As a student when I had just moved out from my parents’ house and my mother’s delicious home cooked meals, I was for the first time faced with the challenge of feeding myself. As a farewell present, a well-meaning teacher had equipped me with a book called “simple cooking for students”, and not surprisingly, the book began with introducing spaghetti with tomato sauce, building on the readily available instant sauces and teaching basic pasta boiling skills. Do you think it’s possible to mess that up? Yes, it is - burning pots into charred ruins, turning innocent kitchens into slaughterhouse look-a-likes with spilled sauce everywhere and boiling spaghetti into willingless, limp strands of sadness...

And then, still in my first semester, I met Angelo, whose Italian father brought him containers of frozen home-made tomato sauce whenever he visited. My original reaction was to simply laugh about the absurdity of it, why would you go through all that trouble if a packaged version of the same stuff was readily available in any store next door? Angelo didn’t say anything, he just nodded knowingly, smirking to himself as if he was part to a secret that I had yet to unveil, and heated the sauce. I still remember the explosion of flavor, the sweetness of tomato and onion followed the zing of garlic and herbs, leaving behind an aftertaste of rich fruitiness in my mouth.

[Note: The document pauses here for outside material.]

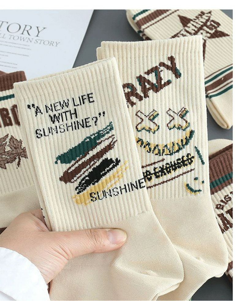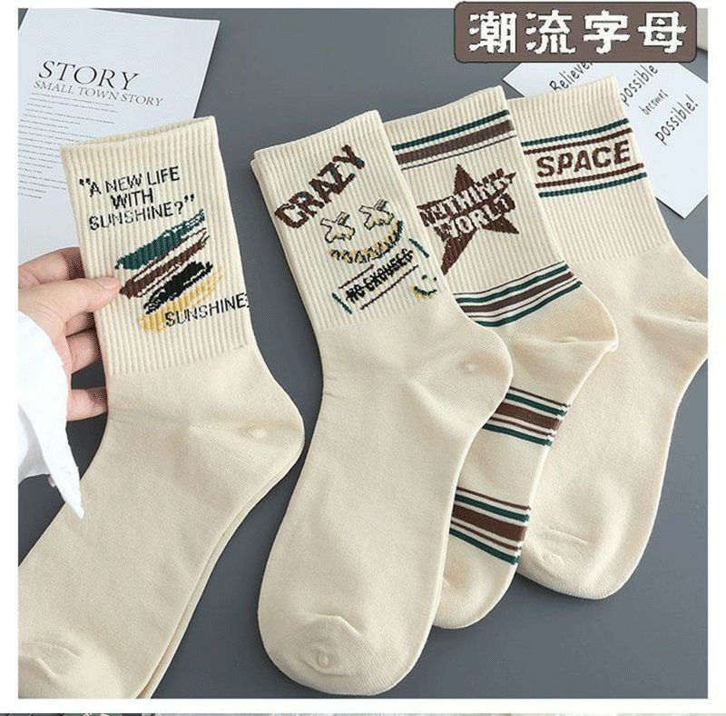 Chaussettes décontractées unisexes à imprimé lettres de style rétro.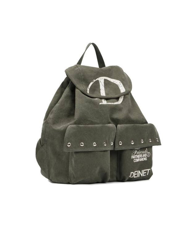 정인선이 착용한 백팩은 '다이닛(DEINET)'의 제품으로, 카키색 캔버스 소재가 주는 빈티지한 감성이 특징입니다. 가방의 메인 플랩에는 브랜드의 시그니처인 커다란 'D' 로고가 프린팅되어 있어 포인트를 주며, 전면에 달린 두 개의 포켓에는 징(스터드) 디테일이 더해져 유니크한 스트리트 무드를 연출합니다. 넉넉한 사이즈와 플랩-드로스트링 결합 방식으로 수납력과 실용성을 동시에 갖춘 아이템입니다.

Since then, tomato sauce has been one of my kitchen staples, ranging from providing me with comfort in my ultimate feel-good dish, Spaghetti Napoli, accompanying vegetables or fish, to being the base for far more complex sauces. It makes me feel calm to always have a little stock available in my freezer, being ready for deployment wherever and whenever needed, and it is the basis of my food philosophy. If you have tomato sauce in your freezer, instead of pizza delivery or Chinese take out, something home made and whole is going to become you go to dish.

I begin with sauteing onions in oil, allowing them to slowly become translucent for a couple of minutes. Then comes the garlic, more or less directly followed by the Italian parsley. The carrots and celery don’t have to be cut too small because everything is going to be pureed in the end anyways, making life easier. While this mix is sauteing on medium heat, it’s a good idea to open the bottle of wine and pour yourself a glass, and once you have finished your first sip, it’s usually time to add a generous amount to the pot to soften the vegetables. If I make tomato sauce, I prefer using white wine, which gives the sauce a somewhat lighter character; however if used as the basis of meat sauce like a Bolognese, red wine gives it a darker and fuller color and taste.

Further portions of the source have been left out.